Load in some libraries

library(tidyverse)
## ── Attaching core tidyverse packages ──────────────────────── tidyverse 2.0.0 ──
## ✔ dplyr     1.1.2     ✔ readr     2.1.4
## ✔ forcats   1.0.0     ✔ stringr   1.5.0
## ✔ ggplot2   3.4.3     ✔ tibble    3.2.1
## ✔ lubridate 1.9.2     ✔ tidyr     1.3.0
## ✔ purrr     1.0.2     
## ── Conflicts ────────────────────────────────────────── tidyverse_conflicts() ──
## ✖ dplyr::filter() masks stats::filter()
## ✖ dplyr::lag()    masks stats::lag()
## ℹ Use the conflicted package (<http://conflicted.r-lib.org/>) to force all conflicts to become errors
library(dplyr)
library(ggplot2)

Import the data file

pokemon_data <- read_csv("pokemon.csv")
## Rows: 1072 Columns: 13
## ── Column specification ────────────────────────────────────────────────────────
## Delimiter: ","
## chr (3): name, type1, type2
## dbl (9): number, total, hp, attack, defense, sp_attack, sp_defense, speed, g...
## lgl (1): legendary
## 
## ℹ Use `spec()` to retrieve the full column specification for this data.
## ℹ Specify the column types or set `show_col_types = FALSE` to quiet this message.

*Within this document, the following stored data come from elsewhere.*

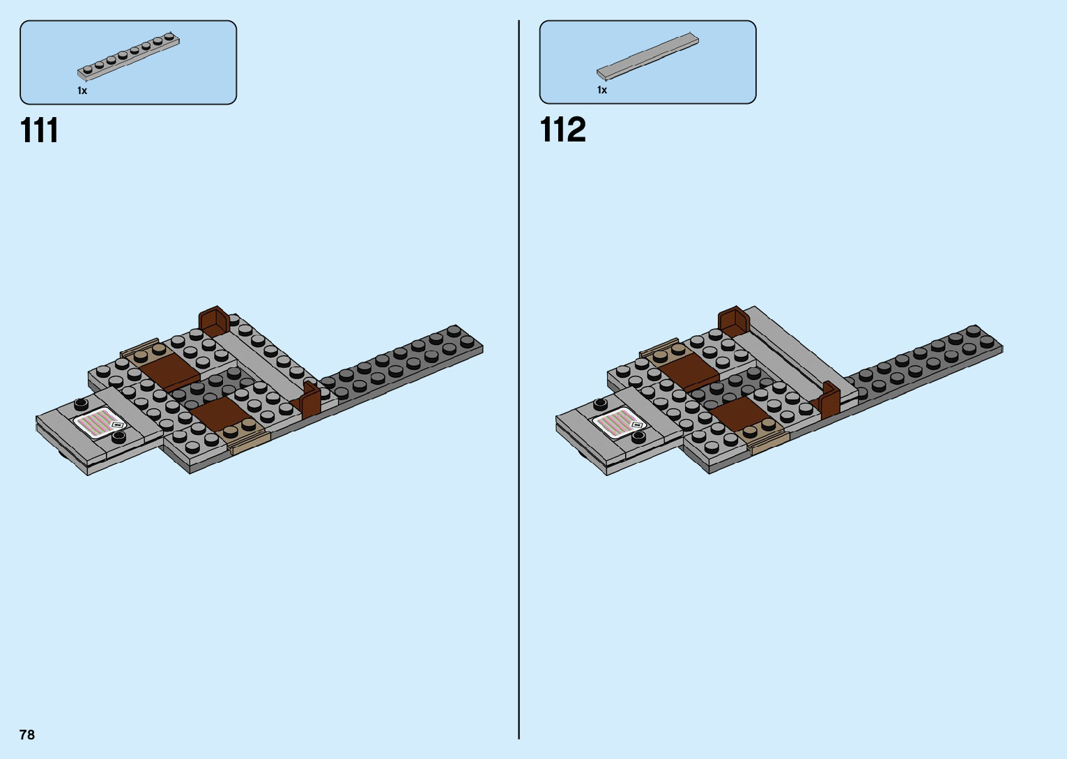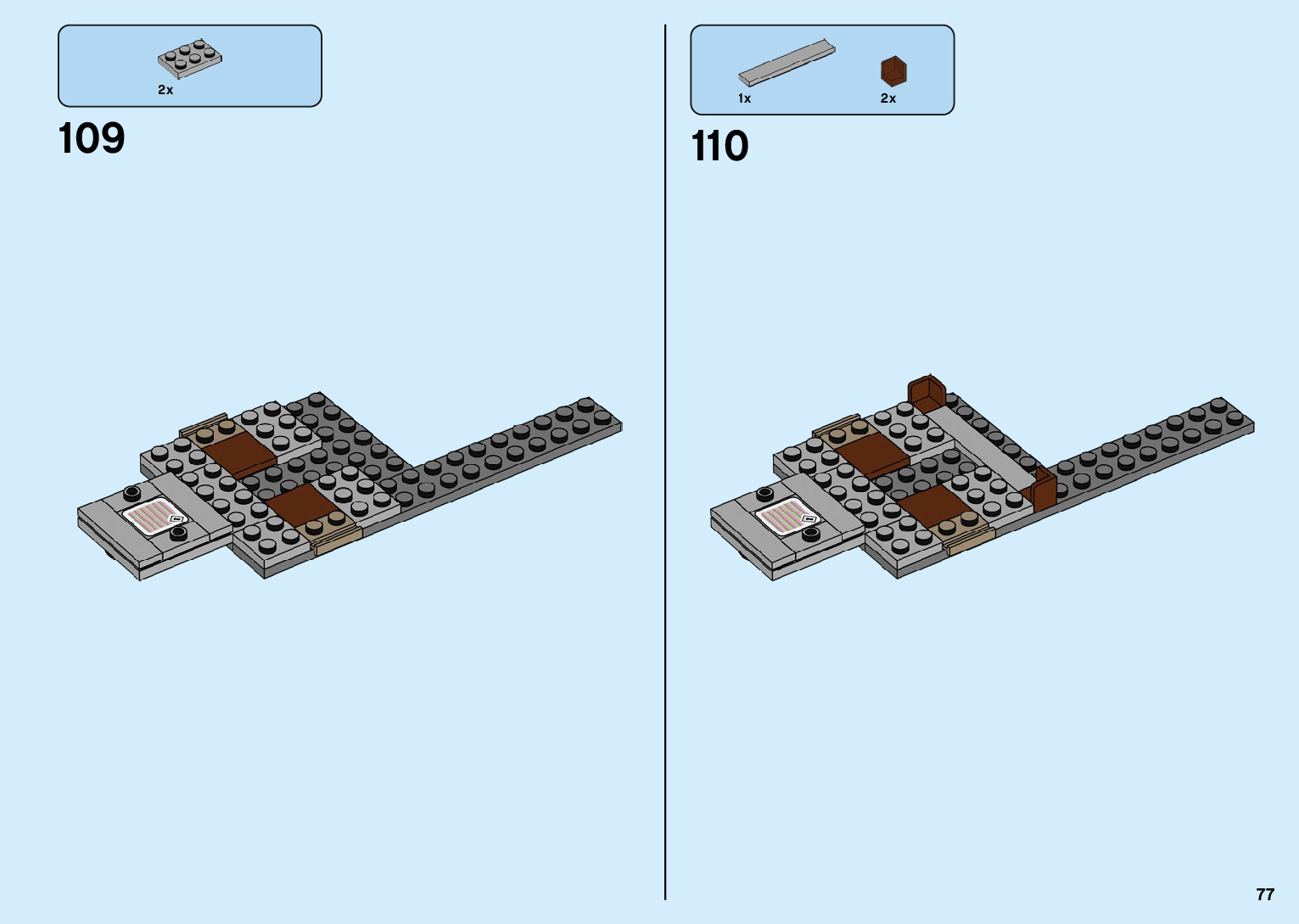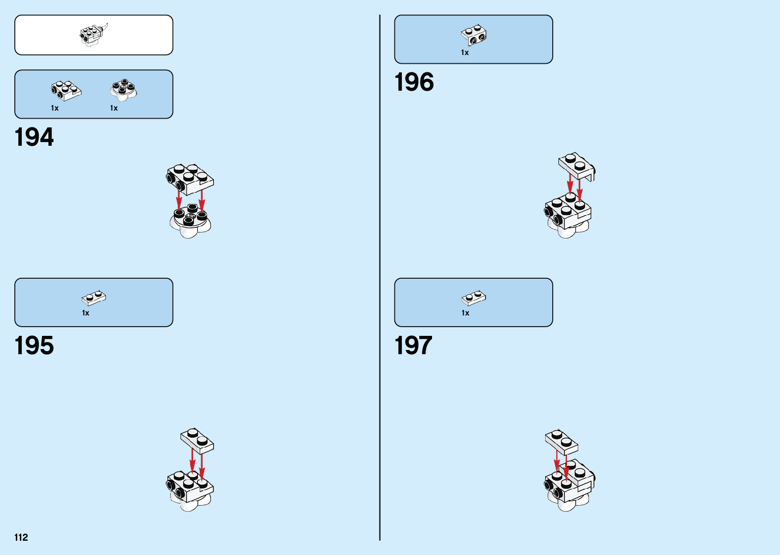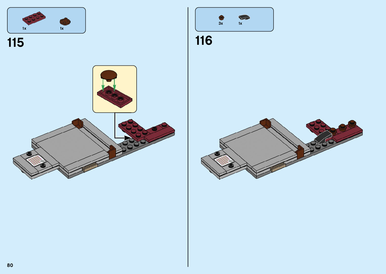 The assembly guide is prepared in a very understandable way for children and adult LEGO enthusiasts. A total of 136 picture galleries are shown, explaining the step-by-step construction stages for 2 different structures.
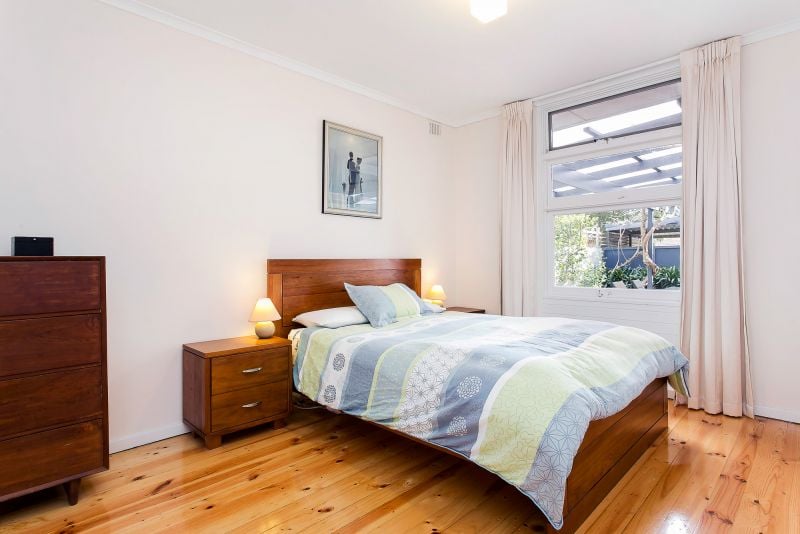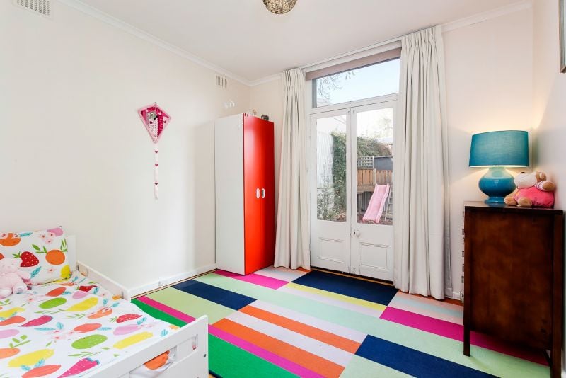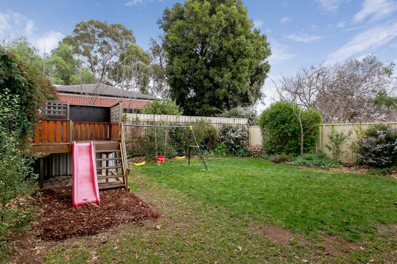 The backyard is a children's haven with a built-in cubby house and slide plus a large lawn area to kick a ball.
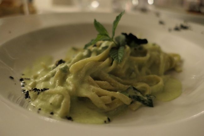 @ギターラパスタの空豆のクリーム ピスタチオ添え
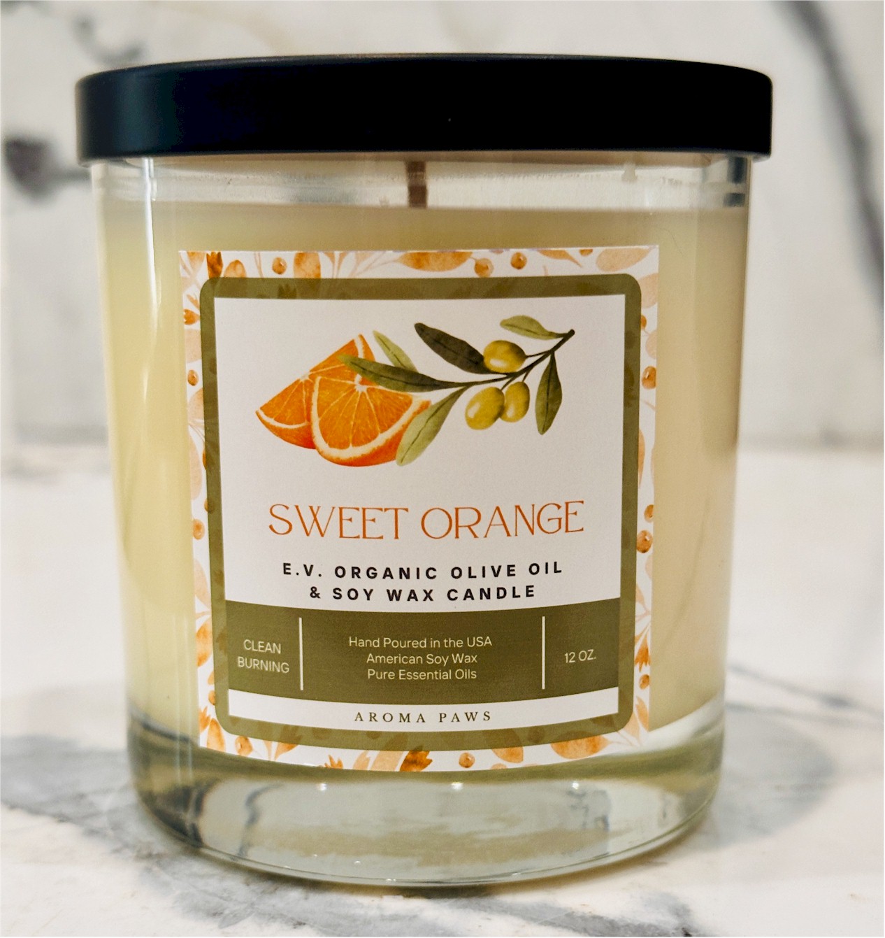 Sweet Orange Essential Oil in an Extra Virgin Olive Oil and Soy Wax Clean Burning Candle. Hand poured in 12 oz. glass jar with lid. Approximate burn time 90 hours.

Let’s look at a sampling of the data

library(knitr)
kable(head(pokemon_data, 20))
number name type1 type2 total hp attack defense sp_attack sp_defense speed generation legendary
1 Bulbasaur Grass Poison 318 45 49 49 65 65 45 1 FALSE
2 Ivysaur Grass Poison 405 60 62 63 80 80 60 1 FALSE
3 Venusaur Grass Poison 525 80 82 83 100 100 80 1 FALSE
3 Mega Venusaur Grass Poison 625 80 100 123 122 120 80 1 FALSE
3 Gigantamax Venusaur Grass Poison 525 80 82 83 100 100 80 1 FALSE
4 Charmander Fire NA 309 39 52 43 60 50 65 1 FALSE
5 Charmeleon Fire NA 405 58 64 58 80 65 80 1 FALSE
6 Charizard Fire Flying 534 78 84 78 109 85 100 1 FALSE
6 Mega Charizard X Fire Dragon 634 78 130 111 130 85 100 1 FALSE
6 Mega Charizard Y Fire Flying 634 78 104 78 159 115 100 1 FALSE
6 Gigantamax Charizard Fire Flying 534 78 84 78 109 85 100 1 FALSE
7 Squirtle Water NA 314 44 48 65 50 64 43 1 FALSE
8 Wartortle Water NA 405 59 63 80 65 80 58 1 FALSE
9 Blastoise Water NA 530 79 83 100 85 105 78 1 FALSE
9 Mega Blastoise Water NA 630 79 103 120 135 115 78 1 FALSE
9 Gigantamax Blasoise Blastoise Water 530 79 83 100 85 105 78 1 FALSE
10 Caterpie Bug NA 195 45 30 35 20 20 45 1 FALSE
11 Metapod Bug NA 205 50 20 55 25 25 30 1 FALSE
12 Butterfree Bug Flying 395 60 45 50 90 80 70 1 FALSE
12 Gigantamax Butterfree Bug Flying 395 60 45 50 90 80 70 1 FALSE

The first thing we’ll check is all the different kinds of pokemon typings.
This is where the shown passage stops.